### Task prompt
Return each line exactly, beginning with the one that has "histograms of path" and finishing with the final line of the material. Drop any pictures.
[[ Task input open ]]
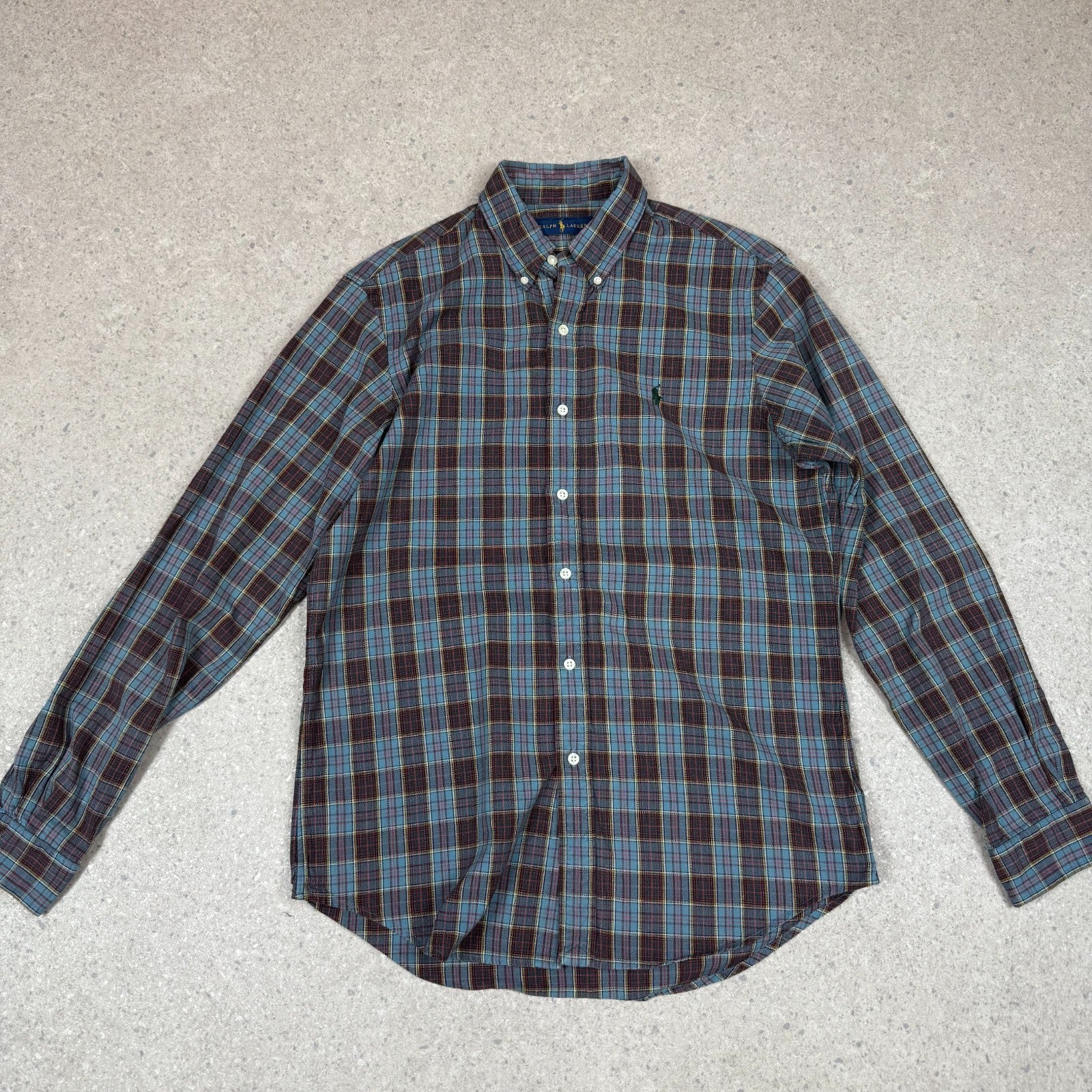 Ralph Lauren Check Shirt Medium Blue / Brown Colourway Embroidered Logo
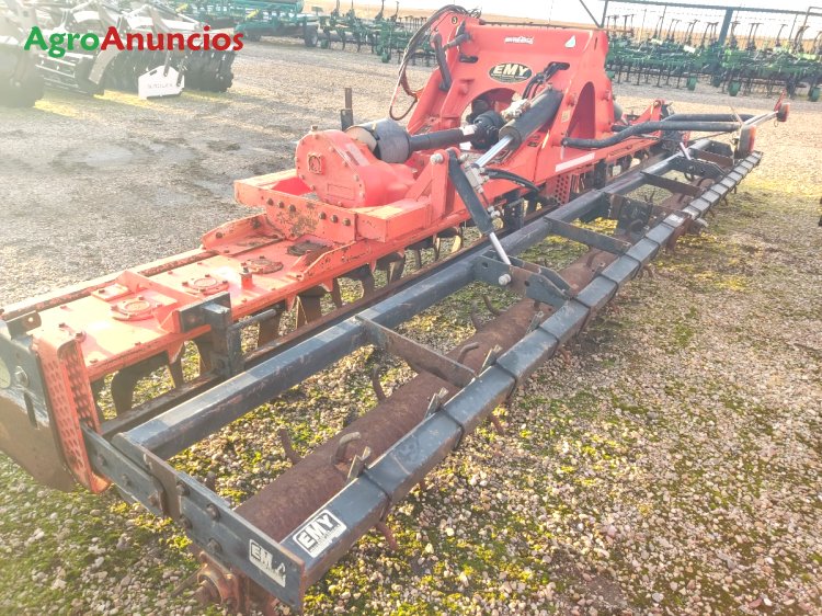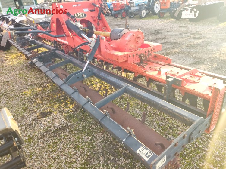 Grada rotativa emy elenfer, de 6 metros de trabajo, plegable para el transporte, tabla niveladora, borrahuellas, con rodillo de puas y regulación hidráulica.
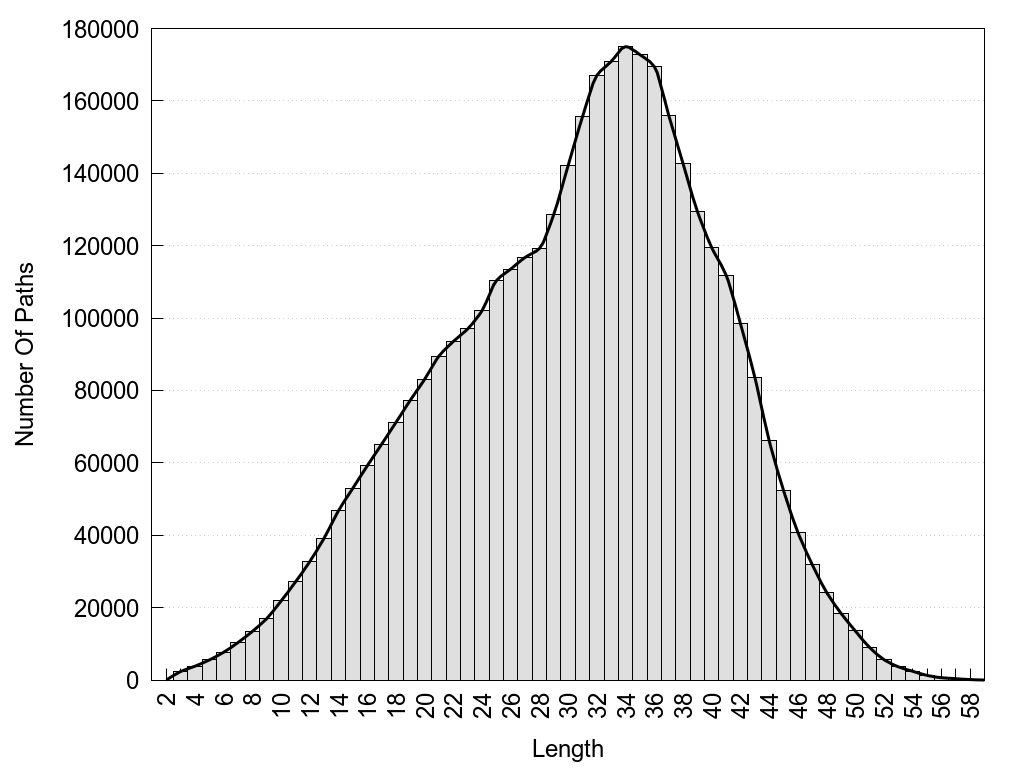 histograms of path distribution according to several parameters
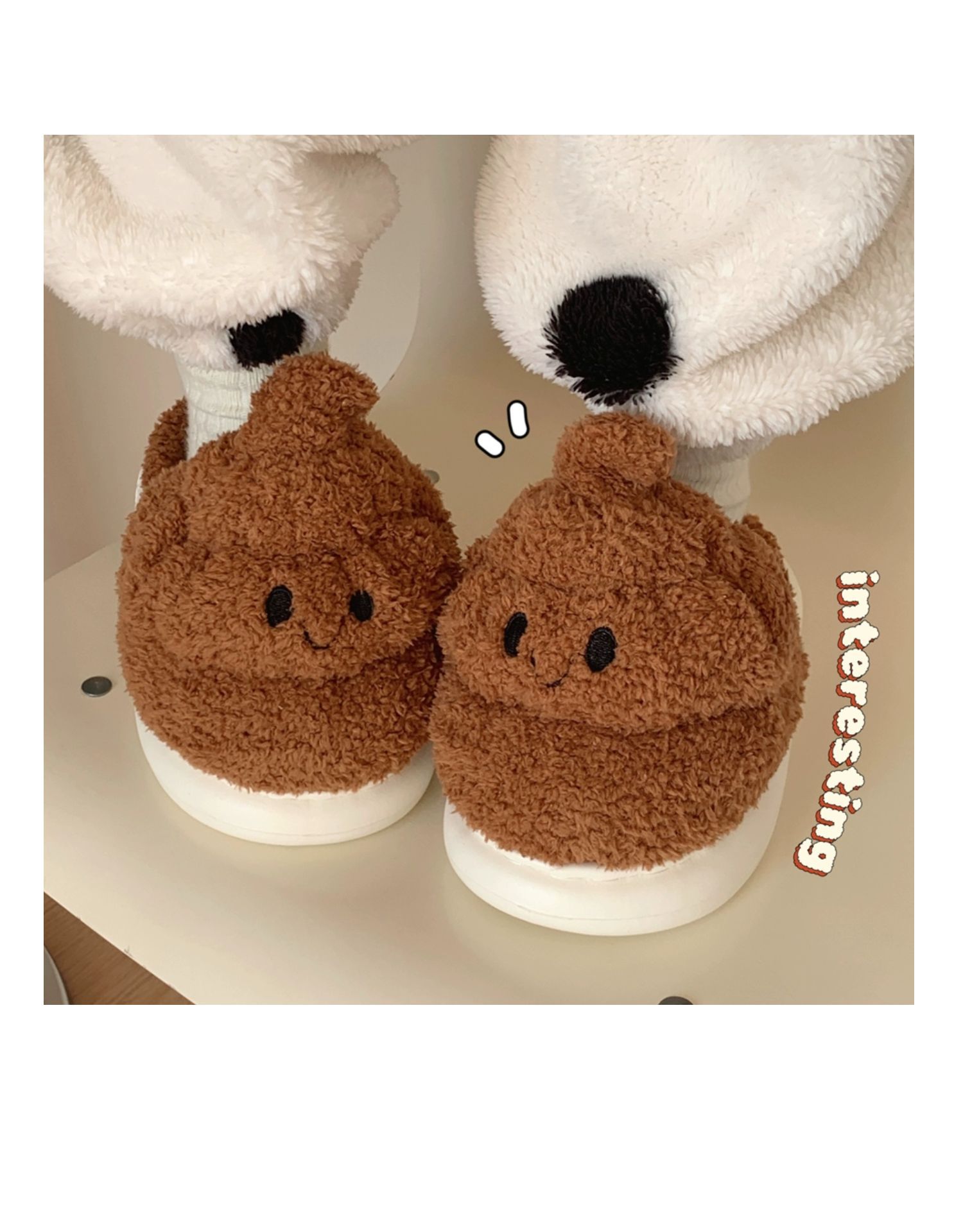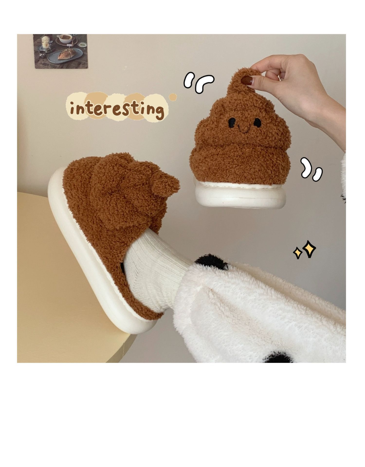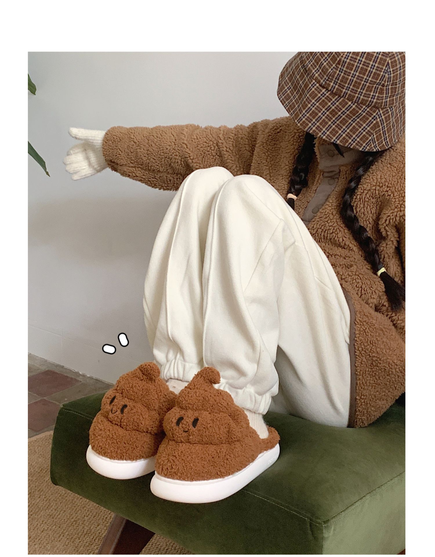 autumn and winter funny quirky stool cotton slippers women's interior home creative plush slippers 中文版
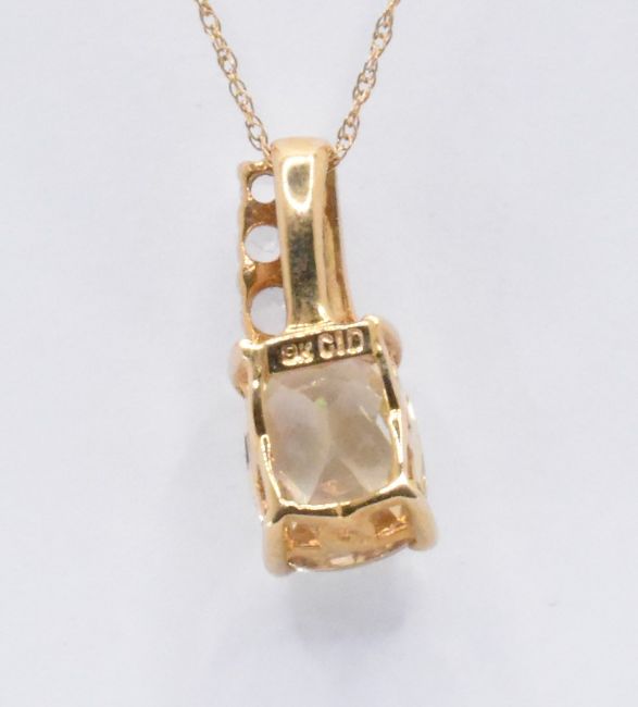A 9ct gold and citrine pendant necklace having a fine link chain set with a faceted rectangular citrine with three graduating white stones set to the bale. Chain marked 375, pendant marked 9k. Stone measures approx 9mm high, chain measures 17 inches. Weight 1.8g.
[[ Task input closed ]]
### Task output
 histograms of path distribution according to several parameters
 autumn and winter funny quirky stool cotton slippers women's interior home creative plush slippers 中文版
A 9ct gold and citrine pendant necklace having a fine link chain set with a faceted rectangular citrine with three graduating white stones set to the bale. Chain marked 375, pendant marked 9k. Stone measures approx 9mm high, chain measures 17 inches. Weight 1.8g.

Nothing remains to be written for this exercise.